**Exercise prompt**
Give the data below again exactly, and drop each picture from it.

**** Information supplied

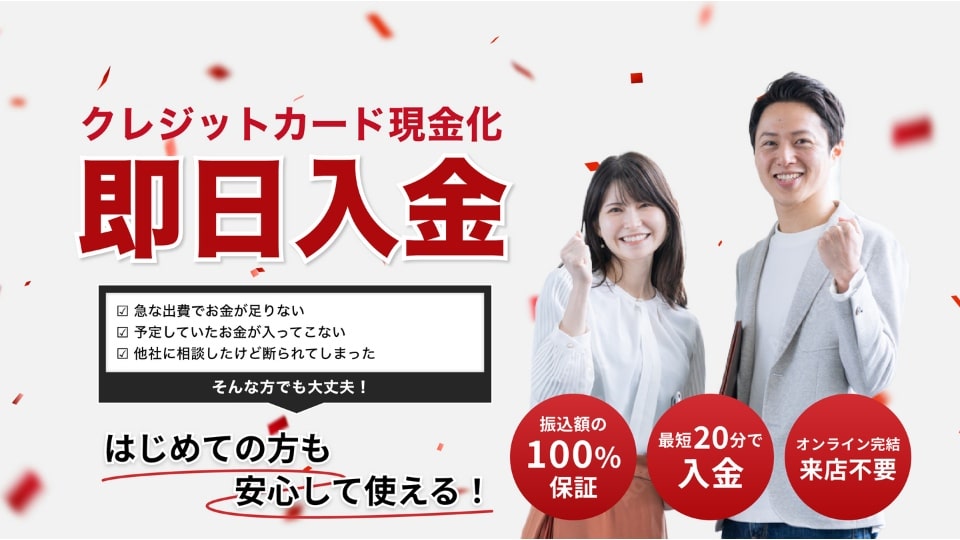 またクレジットカードの手数料が10%程度かかりますが、クレジットカードの支払いは翌月や翌々月になるため、早く現金を手に入れることができます。
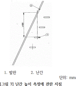 난간의 높이는 발판에서 측정하였을 때 600 mm 이상, 850 mm 이하이어야 한다(그림 7 참조).
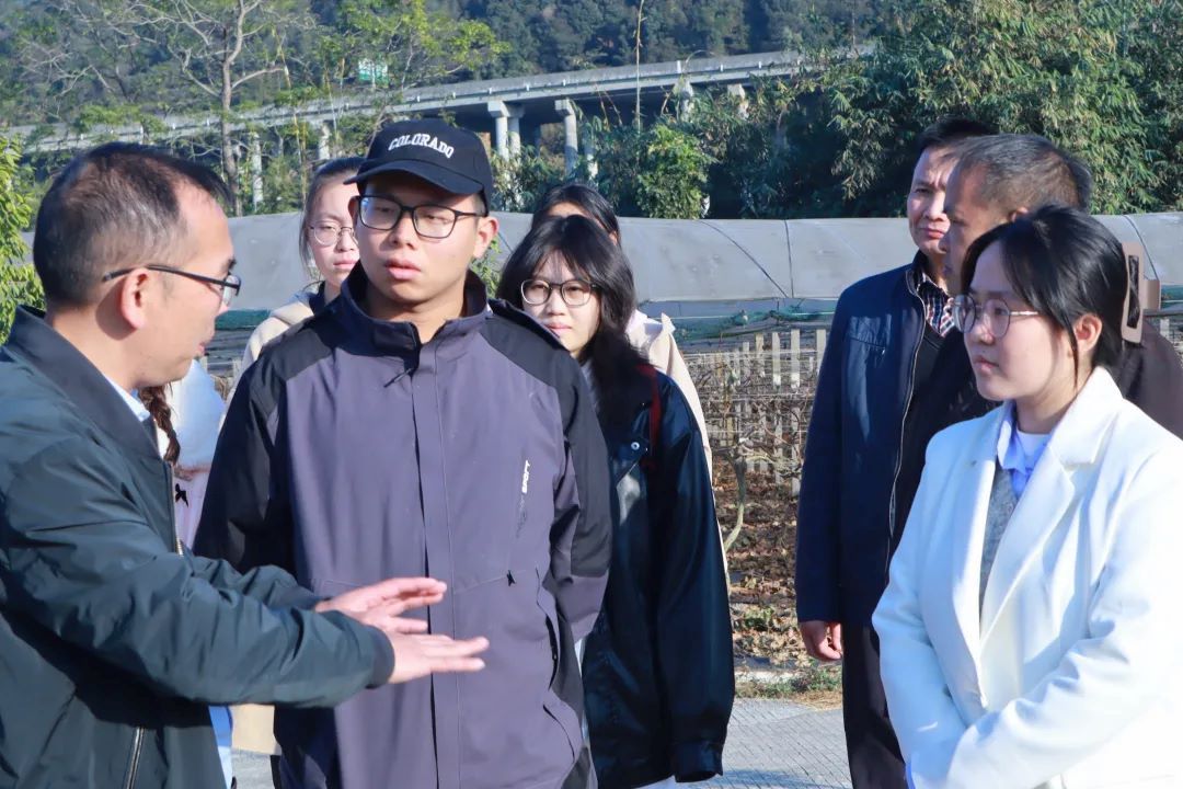 1月13日,在佛山大学数学学院数学系教师党支部书记周青山的带领下,两支实践团队赴簕竹科技小院选址进行实地参观调研。省“双百行动”驻新兴县服务队蒋忠海院长表示,该地计划打造一个集科研、观光、教育于一体的现代农业科技示范平台。
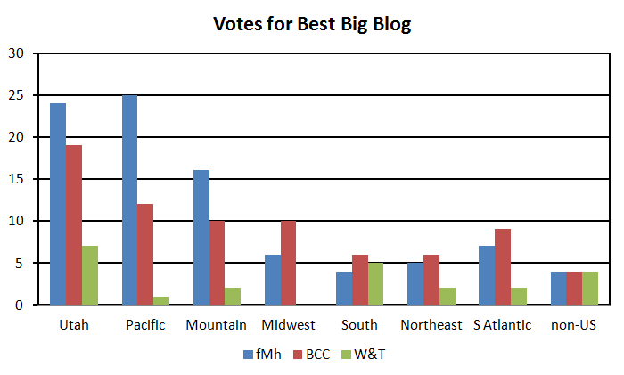 By now you’ve probably seen the Wheaties/Tarefic award winners, and I hope also the resulting argument between fMh and BCC about who deserved to win the coveted Best Big Blog award, and what it really meant. (If you haven’t seen the argument posts, do yourself a favor and check them out. They’re hilarious!) The purpose of this post is to show a few additional results of the voting that you haven’t already seen, and that I hope you might find interesting.

********

**Response below**
 またクレジットカードの手数料が10%程度かかりますが、クレジットカードの支払いは翌月や翌々月になるため、早く現金を手に入れることができます。
 난간의 높이는 발판에서 측정하였을 때 600 mm 이상, 850 mm 이하이어야 한다(그림 7 참조).
 1月13日,在佛山大学数学学院数学系教师党支部书记周青山的带领下,两支实践团队赴簕竹科技小院选址进行实地参观调研。省“双百行动”驻新兴县服务队蒋忠海院长表示,该地计划打造一个集科研、观光、教育于一体的现代农业科技示范平台。
 By now you’ve probably seen the Wheaties/Tarefic award winners, and I hope also the resulting argument between fMh and BCC about who deserved to win the coveted Best Big Blog award, and what it really meant. (If you haven’t seen the argument posts, do yourself a favor and check them out. They’re hilarious!) The purpose of this post is to show a few additional results of the voting that you haven’t already seen, and that I hope you might find interesting.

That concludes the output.